● **Task directions**
Everything in the listing should be set down exactly, apart from the pictures.

____________________

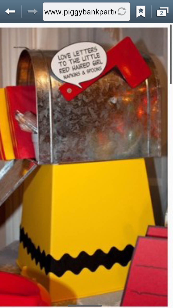 This is just the stuff I bought this week. The figurines are for the cake. The plush Snoopy and Woodstock for pictures. James has the Charlie Brown Onesie. A lady in our church is making Rosie's blue "Lucy" dress. The Woodstock flags are for food display and labeling. The Snoopy Doghouse is a huge 4'x4' foam board for picture backdrop. The black letters are for the psychiatrist booth and the last 2 pictures are ideas I borrowed. Saving comics and bought a cheap mailbox!
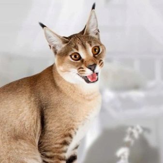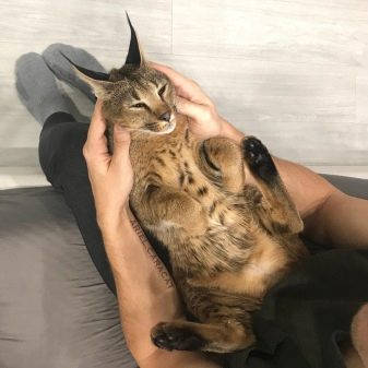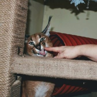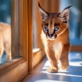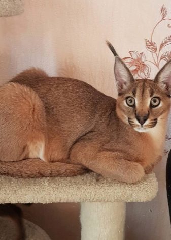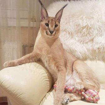 Caracat is a breed difficult to breed and therefore quite expensive. This calm and smart animal will quickly remember its name and will adhere to all the necessary rules in the apartment. Such cats never climb onto the table for food and do not make noise while their owner is resting.
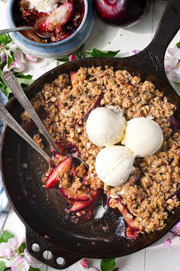 This easy Plum Crisp recipe is the perfect way to enjoy a bounty of fresh fruit! Sweet, juicy and tender plums are topped with a buttery, crunchy oat streusel for a rustic dessert that everyone loves. Bake the crisp in a skillet or in a dish, and serve warm with vanilla ice cream on top!
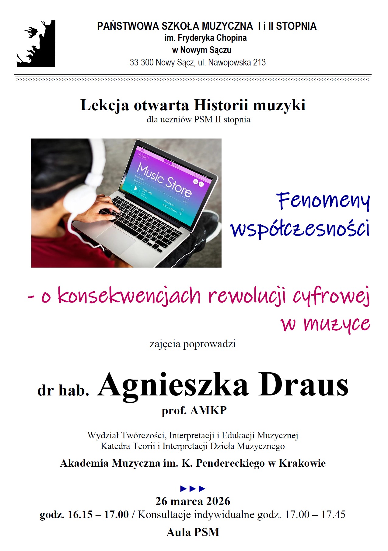 W czwartek 26 marca w naszej szkole odbyła się lekcja otwarta Historii muzyki, którą poprowadzi dr hab. Agnieszka Draus (AMKP w Krakowie).
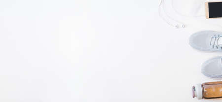Concept of healthy lifestyle. Flat lay sport shoes, new sneakers on a white background
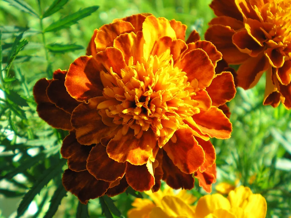 Тигровые глаза выделяются среди других сортов бархатцев своей необычной окраской лепестков. В то время как многие сорта имеют однотонный цвет, Тигровые глаза сочетают в себе желтый, оранжевый и красный цвета, создавая эффектный контрастный рисунок.
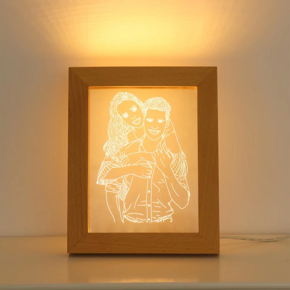 โคมไฟกลางคืนแบบ USB รุ่นใหม่ กรอบไม้ ไฟ LED กรอบรูปไฟฟ้า ไฟบ้านอัจฉริยะ สำหรับอะคริลิค
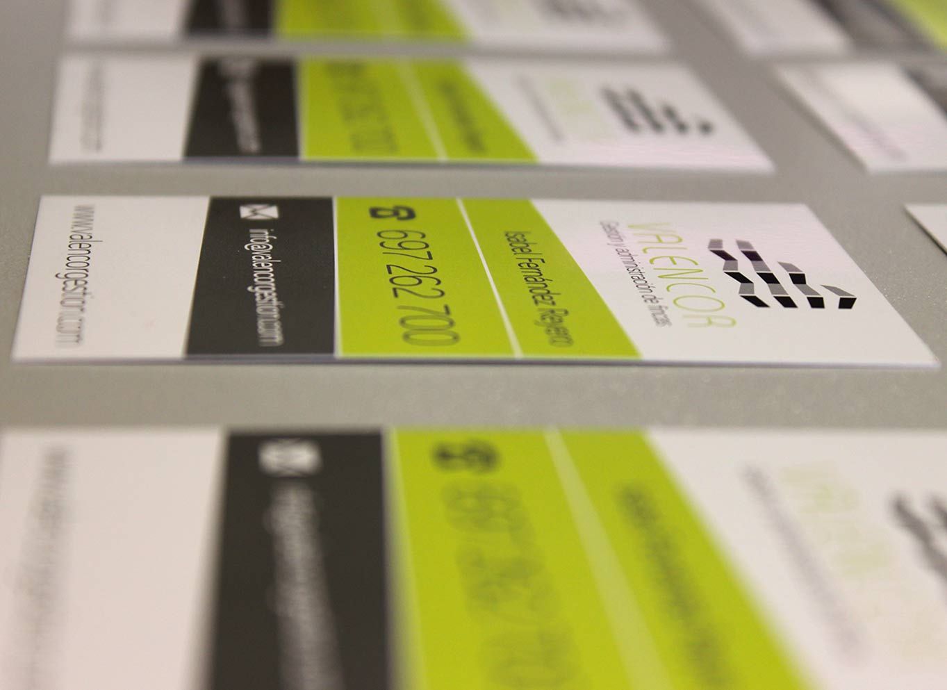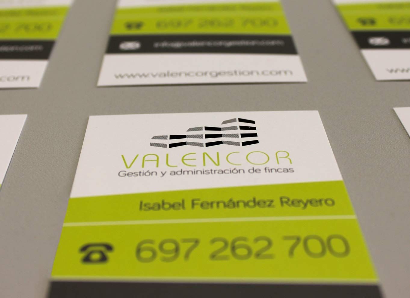 Trabajo realizado en Fiebre Creativa de diseño gráfico de tarjetas de visita e impresión de 5000 tarjetas 350 gr papel estucado brillo para Valencor gestión y administración de fincas.
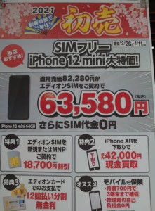 エディオンなんば本店では、初売特価(2021年1月11日まで)で、SIMフリーの「iPhone 12 mini」が新規・MNPともに18,700円割引です。
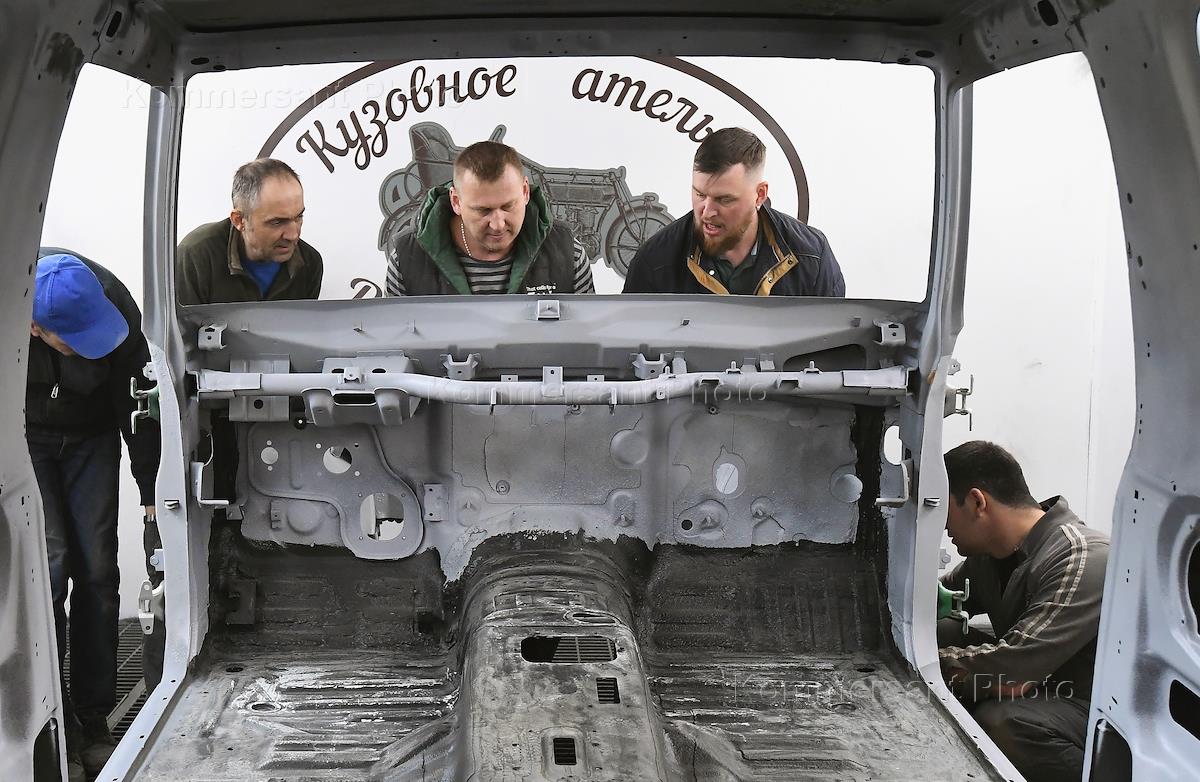 Автосервис Pan Motors. Жанровая фотография. Рабочие во время ремонта автомобиля.
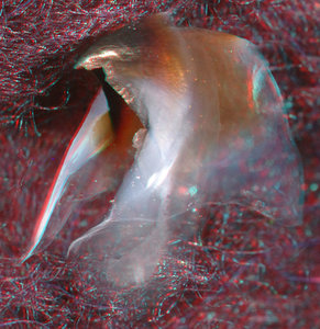 About anaglyph 3D: Photographs here are in 3D, using anaglyph techniques which combines two photographs one in red and the other in cyan (blue + green) color. To get the 3D effect, you must use glasses with red and cyan lenses (filters) over your regular glasses. The form of the beak is far easier to interpret in 3D and we strongly recommend to the viewer that the glasses be obtained (this is especially helpful when viewing enlarged images - i.e. click on the image). These beak photographs were made using Red and Cyan Anachrome Aviator Glasses (see: http://www.anachrome.com/glassbuy.htm or http://www.amazon.com) which cost under $10.00 (USD).
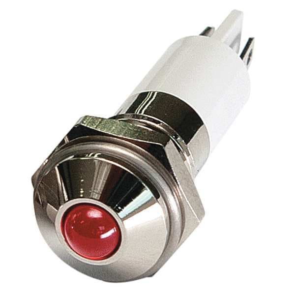 Raised Panel Light, LED, Brass Plated Chrome, LED, Plastic (ABS), Red, Voltage 24V DC, Size 10mm Mounting dia, Electrical Connection 0.11 Male Quick Disconnect, Shape Round, Current Drawn 20 mA, Average Life 100,000 hr, IP Rating IP40, Panel Thickness Up to 0.160 in, Standards cRUus, RoHS
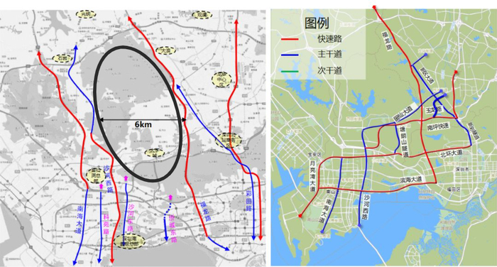深圳中西部多山体、水库,因此,当前的市域快速路具有明显的“东西发达、南北稀疏”的特点。
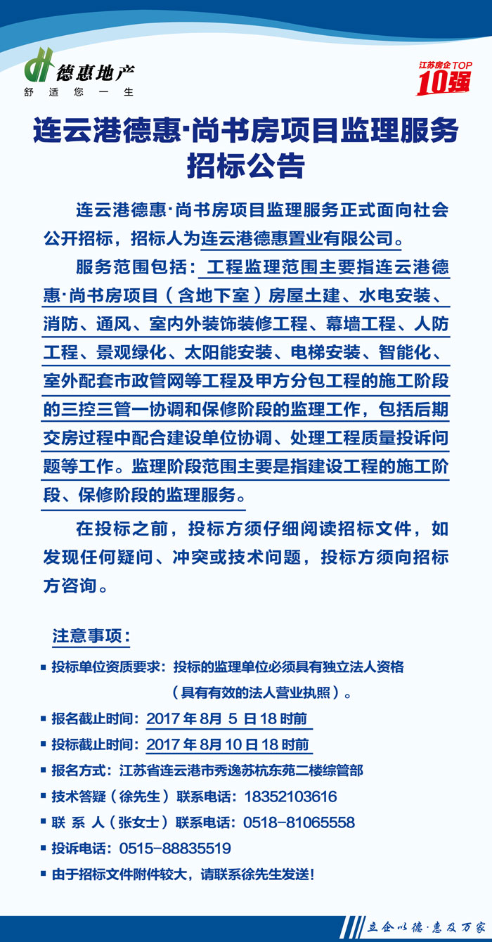 連云港德惠·尚書房項目監(jiān)理服務(wù)招標(biāo)公告

____________________

● **Solved exercise**
 This is just the stuff I bought this week. The figurines are for the cake. The plush Snoopy and Woodstock for pictures. James has the Charlie Brown Onesie. A lady in our church is making Rosie's blue "Lucy" dress. The Woodstock flags are for food display and labeling. The Snoopy Doghouse is a huge 4'x4' foam board for picture backdrop. The black letters are for the psychiatrist booth and the last 2 pictures are ideas I borrowed. Saving comics and bought a cheap mailbox!
 Caracat is a breed difficult to breed and therefore quite expensive. This calm and smart animal will quickly remember its name and will adhere to all the necessary rules in the apartment. Such cats never climb onto the table for food and do not make noise while their owner is resting.
 This easy Plum Crisp recipe is the perfect way to enjoy a bounty of fresh fruit! Sweet, juicy and tender plums are topped with a buttery, crunchy oat streusel for a rustic dessert that everyone loves. Bake the crisp in a skillet or in a dish, and serve warm with vanilla ice cream on top!
 W czwartek 26 marca w naszej szkole odbyła się lekcja otwarta Historii muzyki, którą poprowadzi dr hab. Agnieszka Draus (AMKP w Krakowie).
Concept of healthy lifestyle. Flat lay sport shoes, new sneakers on a white background
 Тигровые глаза выделяются среди других сортов бархатцев своей необычной окраской лепестков. В то время как многие сорта имеют однотонный цвет, Тигровые глаза сочетают в себе желтый, оранжевый и красный цвета, создавая эффектный контрастный рисунок.
 โคมไฟกลางคืนแบบ USB รุ่นใหม่ กรอบไม้ ไฟ LED กรอบรูปไฟฟ้า ไฟบ้านอัจฉริยะ สำหรับอะคริลิค
 Trabajo realizado en Fiebre Creativa de diseño gráfico de tarjetas de visita e impresión de 5000 tarjetas 350 gr papel estucado brillo para Valencor gestión y administración de fincas.
 エディオンなんば本店では、初売特価(2021年1月11日まで)で、SIMフリーの「iPhone 12 mini」が新規・MNPともに18,700円割引です。
 Автосервис Pan Motors. Жанровая фотография. Рабочие во время ремонта автомобиля.
 About anaglyph 3D: Photographs here are in 3D, using anaglyph techniques which combines two photographs one in red and the other in cyan (blue + green) color. To get the 3D effect, you must use glasses with red and cyan lenses (filters) over your regular glasses. The form of the beak is far easier to interpret in 3D and we strongly recommend to the viewer that the glasses be obtained (this is especially helpful when viewing enlarged images - i.e. click on the image). These beak photographs were made using Red and Cyan Anachrome Aviator Glasses (see: http://www.anachrome.com/glassbuy.htm or http://www.amazon.com) which cost under $10.00 (USD).
 Raised Panel Light, LED, Brass Plated Chrome, LED, Plastic (ABS), Red, Voltage 24V DC, Size 10mm Mounting dia, Electrical Connection 0.11 Male Quick Disconnect, Shape Round, Current Drawn 20 mA, Average Life 100,000 hr, IP Rating IP40, Panel Thickness Up to 0.160 in, Standards cRUus, RoHS
深圳中西部多山体、水库,因此,当前的市域快速路具有明显的“东西发达、南北稀疏”的特点。
 連云港德惠·尚書房項目監(jiān)理服務(wù)招標(biāo)公告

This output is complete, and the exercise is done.